McDermid works in varied media, but is probably best known for his wood sculptures, including one he created on Elmer Hill Road in the Town of Western in 1995. That piece, carved from a standing tree trunk and entitled “Lady of the Lake,” collapsed about two years ago after it was struck by a vehicle.

“I’m drawn to working in wood using a chainsaw, to physically shape it into being,” he explains of his craft. “There is excitement and beauty in the way wood is removed and forms emerge with the energy of the saw.”

After its completion, the work will be added to the collection in the Griffiss outdoor sculpture garden. Nine outdoor sculptures were installed around the business park last year.
The tree, thought to be more than 120 years old, was donated by the City of Utica, through the Parks and Recreation Department. It was trucked to Griffiss today.
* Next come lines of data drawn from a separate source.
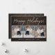 Snow & Rustic Wood Minimalist 3 Photo Holiday Card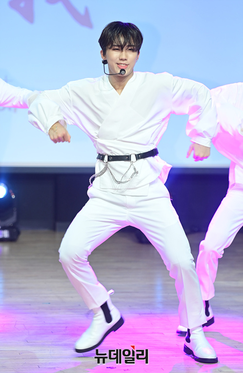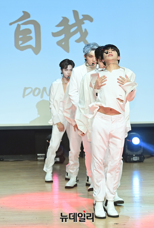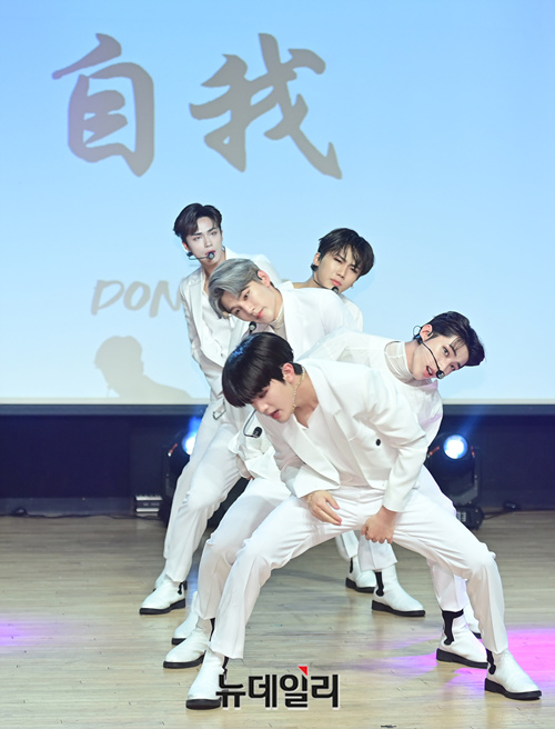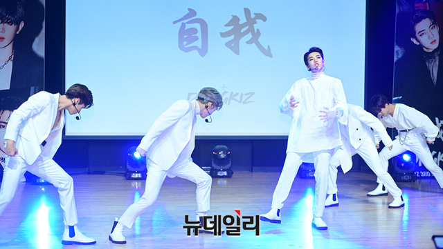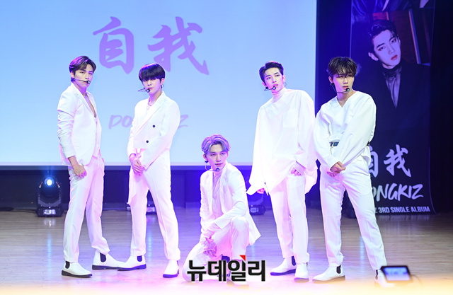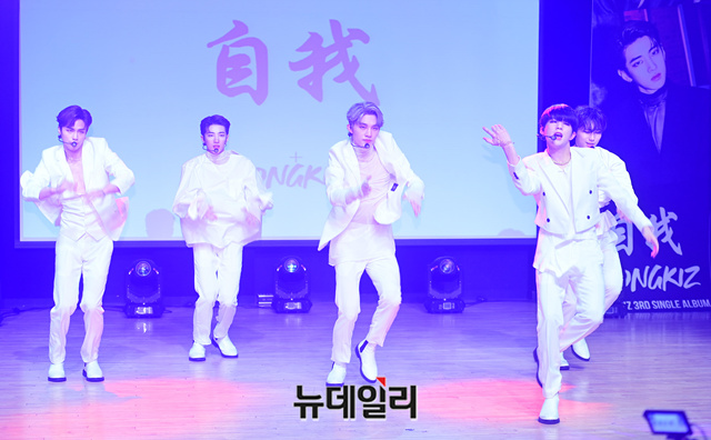 아이돌그룹 동키즈(Dongkiz)가 19일 오후 서울 강남구 일지아트홀에서 열린 3번째 미니앨범 '자아(自我)' 쇼케이스에서 타이틀곡 무대를 선보이고 있다. 이날 쇼케이스는 지난해 데뷔한 동키즈의 첫번째 쇼케이스 무대다.이번 앨범은 타이틀곡 '아름다워'를 포함해 3개 트랙으로 구성됐다.원대, 경윤, 문익, 재찬, 종형 5명의 멤버로 구성된 동키즈는 아시아에서 시작해 세계로 뻗어나가는 아이들이라는 의미를 담고 있다. 음원은 이날 정오 발매됐다.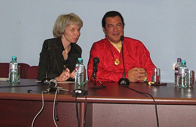 - Вы в основном снимаетесь в боевиках. Не задумывались ли вы, под влиянием буддизма, о смене своего актерского амплуа? Не хотелось ли вам участвовать в фильмах более философских, психологических - например, сняться в фильме о буддизме? Возможно, это способствовало бы распространению идей буддизма.Голливуд – это место, где нравы находятся в таком упадке, что там существует весьма забавное высказывание: «Если хочешь отправить послание миру, пойди в Вестерн Юнион». Среди людей, которые финансируют кинематограф, нет буддистов. Они – иудеи и не интересуются ничьей философией. Но, тем не менее, мне очень и очень много раз удавалось привнести в фильмы с моим участием элементы буддийской философии и буддийской культуры. Мне единственному удалось сделать две большие картины об охране окружающей среды.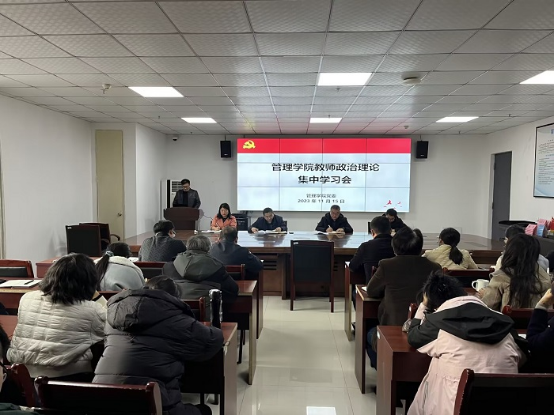 2023年11月15日下午,管理学院在实习实训楼C301会议室召开教师政治理论集中学习会,学院党委书记蔡若愚,党委副书记、院长韩传龙,党委副书记、纪委书记张增林,副院长宋徽以及全体教师参加会议,会议由蔡若愚主持。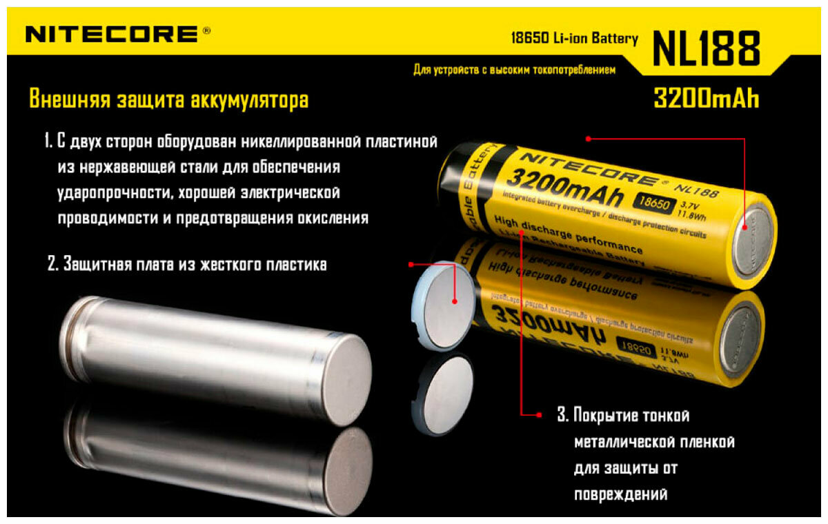 Аккумулятор Nitecore NL1832 18650 3.7v 3200mA интересное: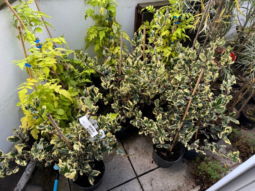 Heute kamen sie mit DPD an, die Töpfe waren nicht wie bei Eggert nochmal einzeln in Plastiktüten gesteckt, die oben zugebunden waren, insofern war ein bisschen Erde auf Wanderschaft gegangen, aber insgesamt sieht alles gut aus, keine Schäden an den Ilex, und definitiv die versprochene Größe:

McDermid’s project is a collaboration of Griffiss Local Development Corp. and the Griffiss Park Landowners Association. Schools and other community groups can schedule special showings with the artist through the Mohawk Valley EDGE office.

McDermid is an artist educator with a bachelors of fine arts degree from Syracuse University and a master’s of fine arts from Cranbrook Academy of Art in Michigan.

He has previously participated is artist-in-residency programs at the New York Foundation for the Arts and the Arts in Education Institute of Utica. Exhibitions of his work can be found at Rome Art and Community Center, Munson-Williams-Proctor Museum of Art and the Neptune Gallery, both in Utica, Kirkland Art Center and Little Falls Center for the Arts.